Kotlářka Praha – No. 49
- Pitcher
- Born: October 7, 1986 (age 39) Los Angeles, California, U.S.
- Bats: RightThrows: Right
- Stats at Baseball Reference

= Wes Roemer =

American baseball player (born 1986)

Wesley William Roemer (born October 7, 1986) is an American baseball pitcher for Kotlářka Praha of the Czech Baseball Extraliga. Roemer is known for co-winning the Collegiate Baseball Newspaper Collegiate Baseball Player of the Year honor in 2006, along with Kellen Kulbacki, while attending California State University Fullerton.
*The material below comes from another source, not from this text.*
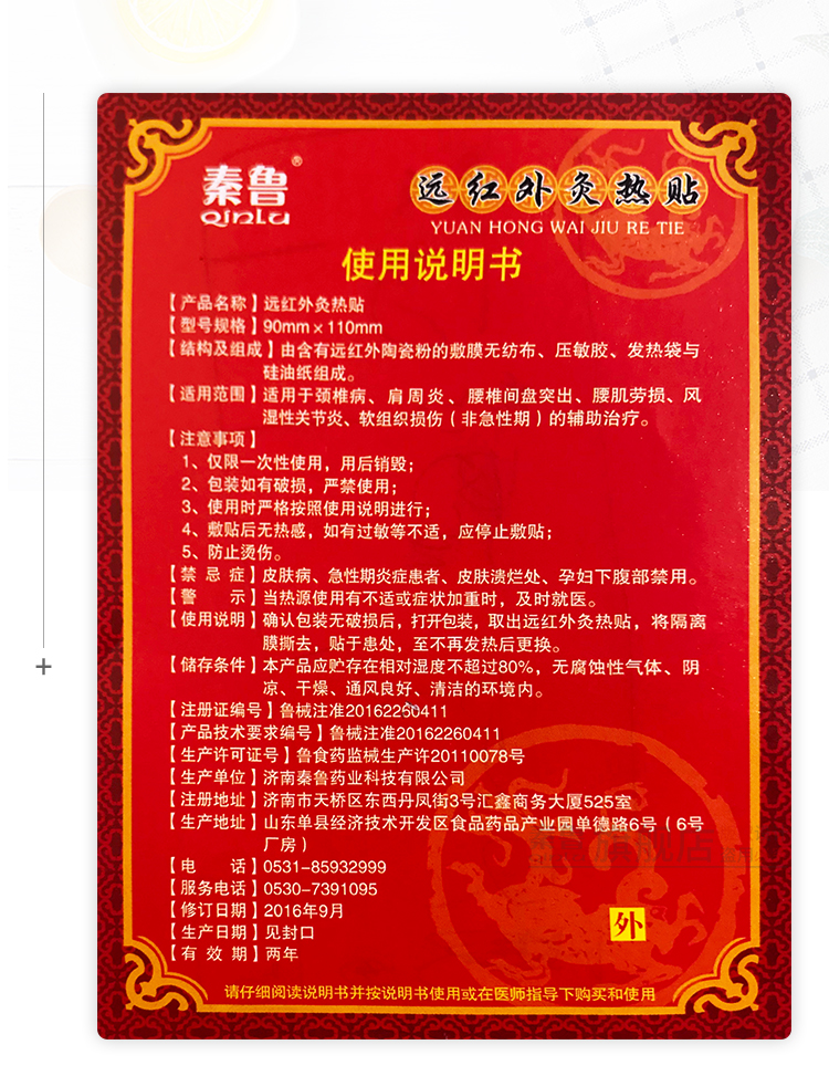 秦鲁远红外灸热贴颈肩腰腿型活血止疼膏贴颈椎贴膏关节疼痛理疗贴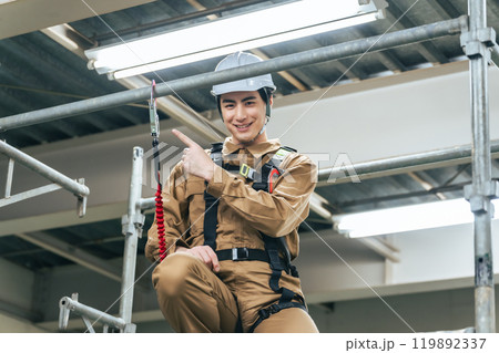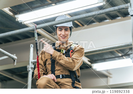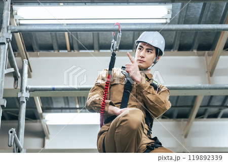 建設現場の足場に登って落下防止フックを確認する作業員

He was later drafted in the first round, 50th overall, by the Arizona Diamondbacks in the 2007 Major League Baseball draft.
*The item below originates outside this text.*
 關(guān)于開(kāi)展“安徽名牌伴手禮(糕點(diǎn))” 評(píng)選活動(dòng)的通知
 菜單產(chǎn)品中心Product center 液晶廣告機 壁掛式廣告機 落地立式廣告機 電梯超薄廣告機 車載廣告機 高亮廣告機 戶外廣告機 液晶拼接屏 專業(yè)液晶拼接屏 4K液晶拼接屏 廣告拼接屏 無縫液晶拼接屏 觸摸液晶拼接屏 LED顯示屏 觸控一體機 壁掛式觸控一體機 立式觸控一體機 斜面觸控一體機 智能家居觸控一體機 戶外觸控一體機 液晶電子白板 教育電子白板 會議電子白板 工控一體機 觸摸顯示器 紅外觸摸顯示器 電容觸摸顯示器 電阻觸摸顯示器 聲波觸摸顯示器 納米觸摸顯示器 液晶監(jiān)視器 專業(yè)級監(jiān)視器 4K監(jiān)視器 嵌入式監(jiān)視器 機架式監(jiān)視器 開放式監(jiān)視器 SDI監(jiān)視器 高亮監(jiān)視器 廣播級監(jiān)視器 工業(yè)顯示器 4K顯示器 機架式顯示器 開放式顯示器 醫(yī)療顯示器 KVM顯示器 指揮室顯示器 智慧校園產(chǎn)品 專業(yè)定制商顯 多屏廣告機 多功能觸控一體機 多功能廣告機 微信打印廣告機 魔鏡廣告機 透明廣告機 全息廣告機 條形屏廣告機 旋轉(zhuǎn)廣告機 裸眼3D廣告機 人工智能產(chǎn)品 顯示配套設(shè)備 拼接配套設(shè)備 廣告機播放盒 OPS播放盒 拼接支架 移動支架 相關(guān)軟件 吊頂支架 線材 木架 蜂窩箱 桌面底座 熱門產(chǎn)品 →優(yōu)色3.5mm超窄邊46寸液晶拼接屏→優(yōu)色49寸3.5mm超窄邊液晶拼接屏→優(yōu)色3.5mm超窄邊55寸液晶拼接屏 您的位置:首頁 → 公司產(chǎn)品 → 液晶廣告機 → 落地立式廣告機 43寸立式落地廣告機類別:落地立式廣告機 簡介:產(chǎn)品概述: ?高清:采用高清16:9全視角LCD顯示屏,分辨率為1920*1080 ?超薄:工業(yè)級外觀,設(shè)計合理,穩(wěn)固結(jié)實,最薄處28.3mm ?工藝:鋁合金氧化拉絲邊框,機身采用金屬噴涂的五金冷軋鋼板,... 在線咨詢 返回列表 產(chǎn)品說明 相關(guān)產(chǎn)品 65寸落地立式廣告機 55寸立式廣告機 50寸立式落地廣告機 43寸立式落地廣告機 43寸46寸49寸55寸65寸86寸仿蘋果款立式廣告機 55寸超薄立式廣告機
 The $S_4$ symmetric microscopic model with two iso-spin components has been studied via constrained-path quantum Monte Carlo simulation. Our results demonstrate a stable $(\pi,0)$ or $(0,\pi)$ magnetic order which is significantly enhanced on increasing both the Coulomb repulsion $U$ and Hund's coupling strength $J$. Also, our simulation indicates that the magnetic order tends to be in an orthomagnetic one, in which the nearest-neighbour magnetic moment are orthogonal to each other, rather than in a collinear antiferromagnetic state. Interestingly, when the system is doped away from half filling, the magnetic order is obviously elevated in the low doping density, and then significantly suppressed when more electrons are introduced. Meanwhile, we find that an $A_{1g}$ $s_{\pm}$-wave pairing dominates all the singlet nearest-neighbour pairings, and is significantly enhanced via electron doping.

He was born in Los Angeles, California and attended Glendora High School in Glendora, California. He joined Cal State Fullerton in 2005, going 7–3 with a 3.80 ERA his first season. In 2006, he was 13–2 with 145 strikeouts and a 2.38 ERA in 155 innings, completing three games, shutting out two and allowing only seven walks (he began the year by going 65.2 innings without allowing a walk) and 126 hits. Other honors he earned that year include Big West Conference Pitcher of the Year, Big West Pitcher of the Week (four times), unanimous All-American selection and ABCA District IX Player of the Year. He was also a finalist for the Roger Clemens Award, Dick Howser Trophy and Brooks Wallace Award. He returned for 2007 and went 11–7 with a 3.19 ERA, striking out 150 batters in 144 innings.
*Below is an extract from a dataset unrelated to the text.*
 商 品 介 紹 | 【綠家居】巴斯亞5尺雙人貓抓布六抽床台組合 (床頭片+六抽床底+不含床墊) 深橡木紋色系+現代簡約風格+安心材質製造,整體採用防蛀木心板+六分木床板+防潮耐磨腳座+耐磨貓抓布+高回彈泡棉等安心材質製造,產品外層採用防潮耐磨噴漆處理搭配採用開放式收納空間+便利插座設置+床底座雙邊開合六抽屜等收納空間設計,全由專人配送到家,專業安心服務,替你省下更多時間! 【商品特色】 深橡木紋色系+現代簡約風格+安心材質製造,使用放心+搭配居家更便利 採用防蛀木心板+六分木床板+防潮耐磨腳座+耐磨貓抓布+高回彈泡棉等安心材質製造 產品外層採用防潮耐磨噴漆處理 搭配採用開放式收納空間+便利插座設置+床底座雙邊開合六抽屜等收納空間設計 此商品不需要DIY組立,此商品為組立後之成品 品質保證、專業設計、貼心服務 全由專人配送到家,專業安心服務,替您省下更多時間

He joined the Diamondbacks system in 2007 after being signed by scout Mark Baca. He played in their organization until 2011, winning 10 or more games once – in 2009, when he went 12–10 with a 3.86 ERA in 28 starts between the Visalia Rawhide and Mobile BayBears. He reached Triple-A for the first time in 2010 and returned to that level in 2011. In 2012, he pitched in the Los Angeles Dodgers system and in the independent leagues, where he also played in 2013 and 2014. He never played in the major leagues, though he spent time with the major league club during spring training in 2008, 2009 and 2010. In 2011, he was a Southern League Mid-Season All-Star; at one point during the campaign, he took a no hitter into the eighth inning. He finished his professional career with a 36–39 record and a 4.31 ERA.